On 2018-11-22 19:15:42 +0300, Alexander Kuzmenkov wrote:
> Hi Richard,
>
> I took a look at the v2, here are some comments:
>
> * This feature needs tests, especially for the cases where opfamilies or
> data types or collations don't match, and other non-obvious cases where it
> shouldn't work.
>
>
> * Deducing an inequality to a constant is not always helpful. If we know
> that a = b and a = const1 and b < const2, we will deduce b = const1 from the
> EC, and adding b < const2 doesn't improve selectivity and only makes the
> cost estimate worse. One situation where it does make sense is when we can
> detect contradictions in these clauses, e.g. if we know that const1 > const2
> and therefore know that the above selection clause is always false. Looking
> at the regression test changes, I see that v2 doesn't do that. I think the
> handling of deduced inequalities shoud be modeled on the flow of
> generate_base_implied_equalities -> process_implied_equality ->
> distribute_qual_to_rels. This would allow us to correctly handle a deduced
> const1 < const2 clause and turn it into a gating Result qual.
>
>
> * There are functions named generate_implied_quals, gen_implied_quals and
> gen_implied_qual.
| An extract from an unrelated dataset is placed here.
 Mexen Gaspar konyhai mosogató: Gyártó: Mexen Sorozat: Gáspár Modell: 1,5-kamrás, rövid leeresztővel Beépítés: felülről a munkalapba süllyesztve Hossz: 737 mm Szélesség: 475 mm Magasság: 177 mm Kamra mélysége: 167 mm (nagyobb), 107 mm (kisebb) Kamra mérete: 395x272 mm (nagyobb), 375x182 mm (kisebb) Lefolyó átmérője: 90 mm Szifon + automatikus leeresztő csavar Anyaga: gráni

The names are confusingly similar, we could use something
> like generate_implied_quals_for_clause and generate_one_implied_qual for the
> latter two.
>
>
> @@ gen_implied_quals
>     else if (clause && IsA(clause, ScalarArrayOpExpr))
>     {
> * When can the clause be NULL?
>
>
> @@ gen_implied_quals
>     item1 = canonicalize_ec_expression(item1,
>                                        exprType((Node *) item1),
>                                        collation);
>     item2 = canonicalize_ec_expression(item2,
>                                        exprType((Node *) item2),
>                                        collation);
> * Why do we do this? If the collation or type of the original expression
> isn't right and we have to add RelabelType, the resulting expression won't
> match the original clause and we won't be able to substitute it with other
> equavalence members. So we can just check that the type and collation match.
>
>
> * In gen_implied_quals, I'd rename item1 => left, item2 => right, em1 =>
> orig_em, em2 => other_em, and same for list cells and types. As it is now,
> em1 can actually match both item1 and item2, and em2 is not related to
> either of them, so it took me some effort to understand what's going on.
>
>
> * In gen_implied_qual, why do we search the clause for a matching
> subexpression? Reading the thread, I thought that we can only do the
> substitution for OpExprs of the same opfamilies as the generating EC. This
> code looks like it can do the substitution an at arbitrary depth, so we
> might change an argument of some unsuitable function, and the result will
> not be correct. What we should probably do is that after we matched one side
> of OpExpr to one EC member, we just replace it with another suitable member
> and add the resulting clause.
>
>
> @@ gen_implied_qual
>     check_mergejoinable(new_rinfo);
>     check_hashjoinable(new_rinfo);
> ...
>     /*
>      * If the clause has a mergejoinable operator, set the EquivalenceClass
>      * links. Otherwise, a mergejoinable operator with NULL left_ec/right_ec
>      * will cause update_mergeclause_eclasses fails at assertion.
>      */
>     if (new_rinfo->mergeopfamilies)
>         initialize_mergeclause_eclasses(root, new_rinfo);
> * It's not an equality clause, so it is not going to be mergejoinable nor
> hashjoinable and we can skip these checks.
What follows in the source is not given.